Coverage of thermal and AI-based drone systems has widened well beyond agriculture, which helps explain why this Alberta trial is drawing attention outside Canada too.

Where Alberta Is Mapping Wild Boar Hotspots And What Comes Next For Wildlife Management

Detection is only half the story. The other half is prediction. Alongside the flight work, researchers built a habitat suitability map that combines public sightings with environmental clues, creating a clearer picture of where feral pigs are most likely to persist.

That model pointed toward likely trouble zones around Edmonton and Grande Prairie, though it remains a work in progress. Areas linked to current or former boar farms tend to matter because escaped animals and descendants often anchor there. Add water, grain fields, and cover, and the odds improve for long-term pig survival.

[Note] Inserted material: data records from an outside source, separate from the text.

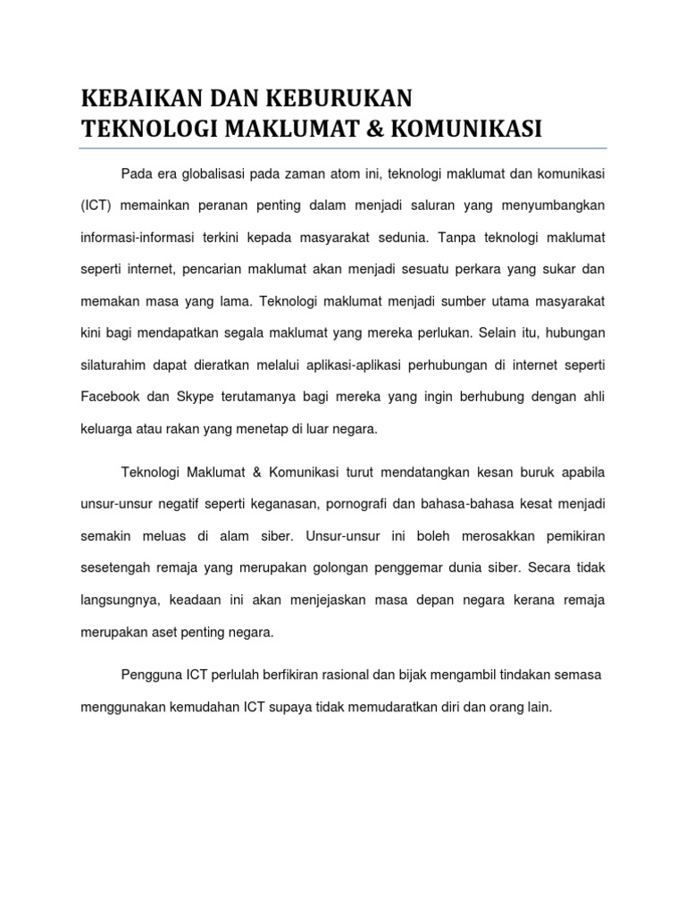 Karangan Kebaikan Teknologi Maklumat Dan Komunikasi Ulisesrkc
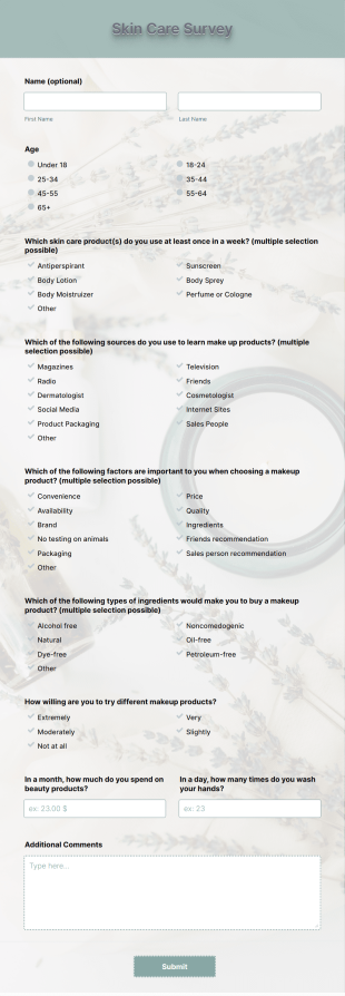 The Skin Care Survey AI Agent is an engaging conversational assistant designed to help businesses collect vital information about their customers' skin care preferences and needs. By simplifying the survey process, this AI Agent enables businesses to gather valuable insights that can enhance their product offerings and significantly boost customer satisfaction. Jotform’s AI Agents transform traditional forms into dynamic conversations, providing customizable and interactive experiences that foster deeper customer engagement.
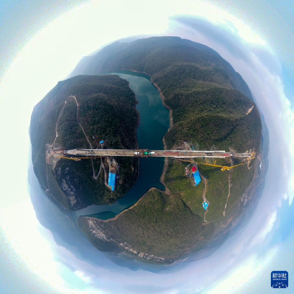 2月6日拍摄的合龙后的瓮马铁路湘江特大桥(无人机全景照片)。新华社发(肖伟摄)
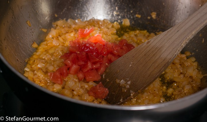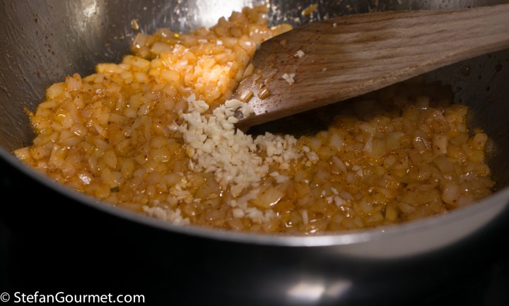 Heat the remaining 2 tablespoons of olive oil in a casserole or Dutch oven. Add a minced onion and stir over medium heat until the onion is golden.
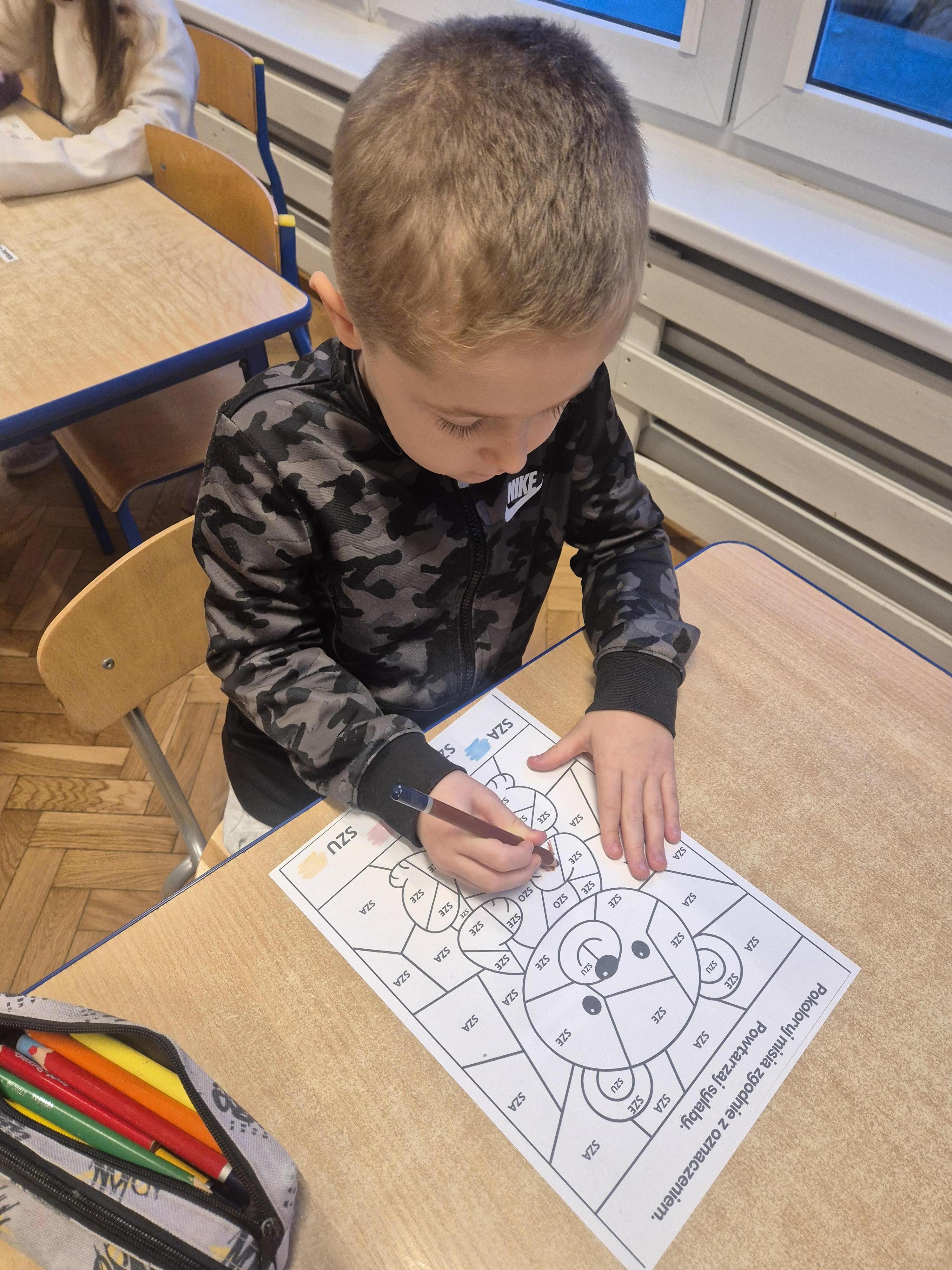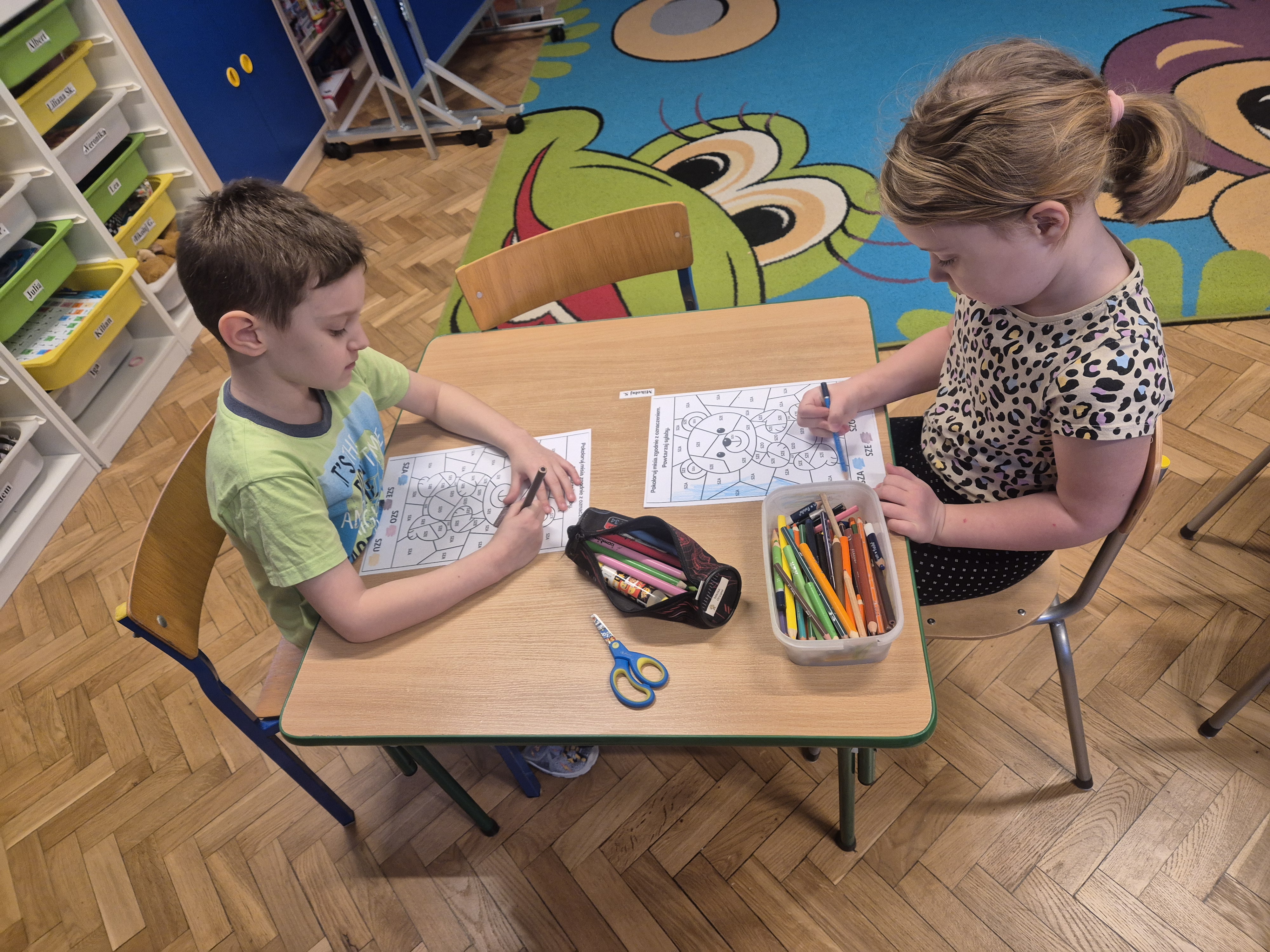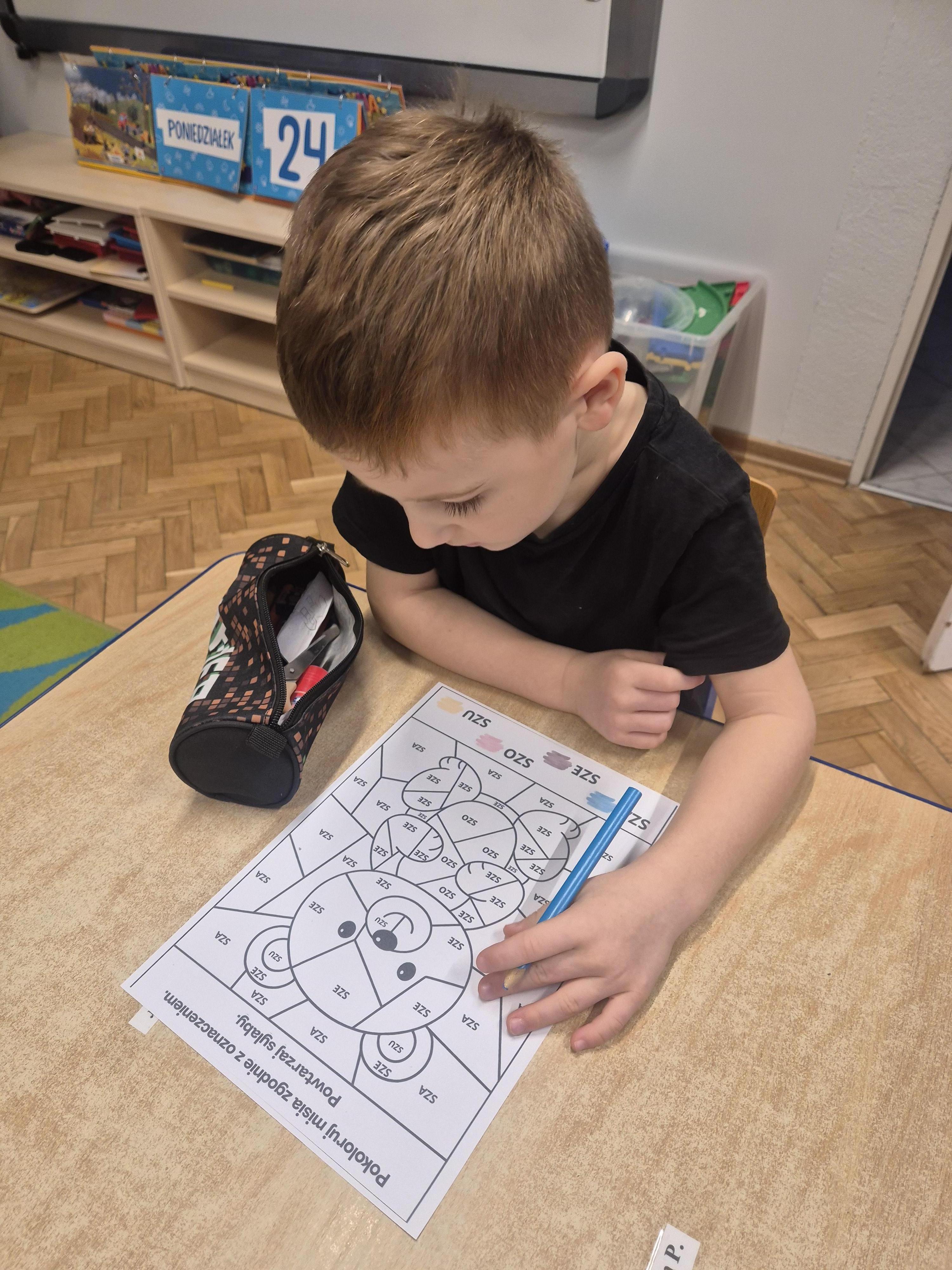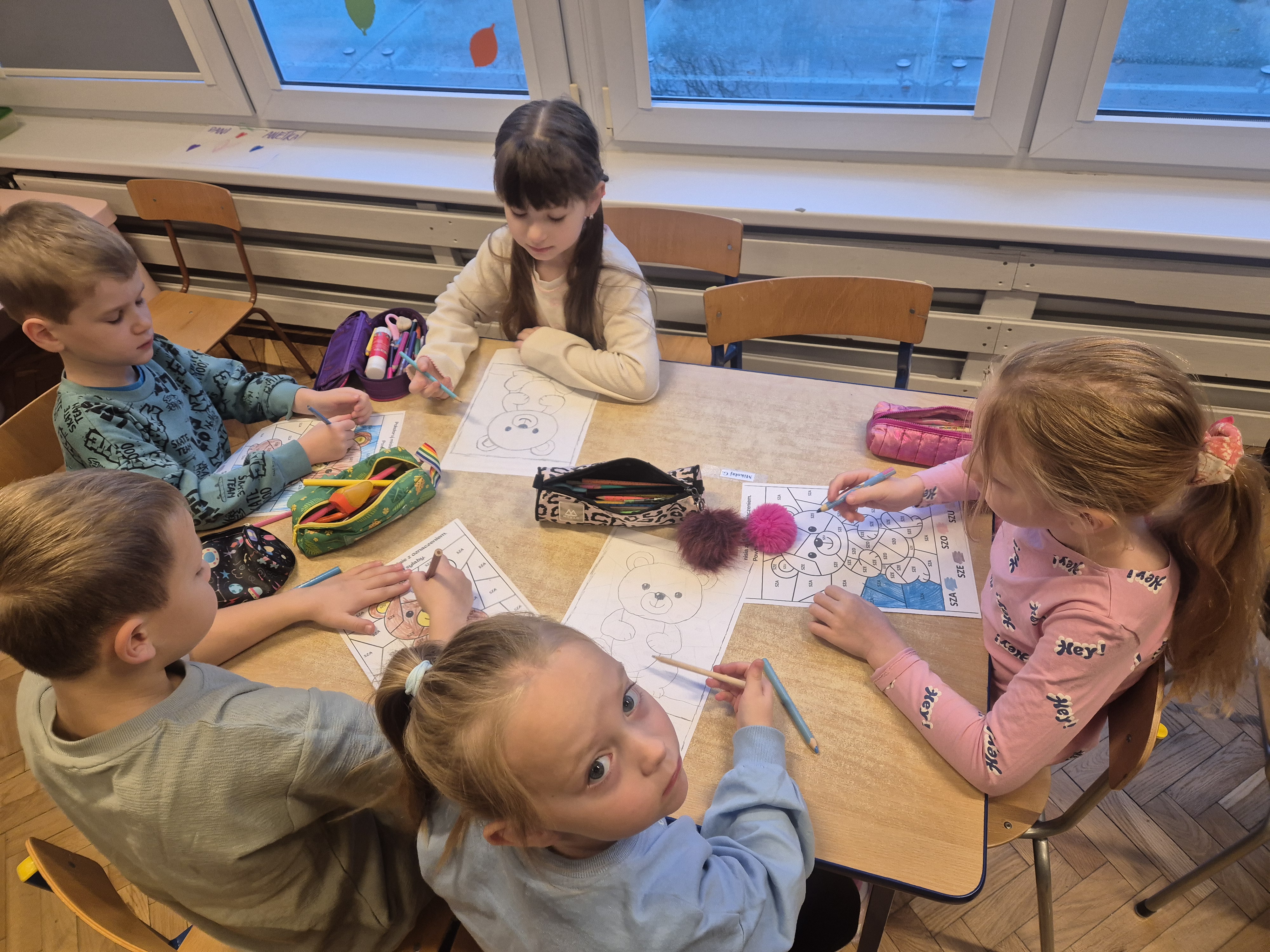 Wykonane zostały także karty pracy o tematyce misiowej. Dzieci chętnie opowiadały o swoich pluszakach, ćwicząc wypowiedzi i ucząc się słuchać innych.

For wildlife management teams, this kind of mapping is more than a nice graphic on a government website. It tells crews where to place effort first. Traps, field verification, follow-up flights, and landowner outreach cost time and money. If Alberta can rank risk by habitat and history, it can act earlier and with less waste.

There’s a wider prairie lesson here too. Wild pigs don’t respect provincial borders, and researchers have been blunt about eradication taking years, probably decades, across Canada. Alberta’s current push still stands out because it ties together surveillance, regulation, agricultural risk, and environmental protection instead of treating them as separate files.

Anyone watching rural policy closely should keep an eye on how this system expands: more species training data, stronger digital mapping, and tighter integration with on-the-ground removal teams. If the province keeps that pace, the next test won’t be whether the drones can find pigs at night. It’ll be whether the response crews can get to the hotspot before the sounder reaches the next wetland east of Grande Prairie.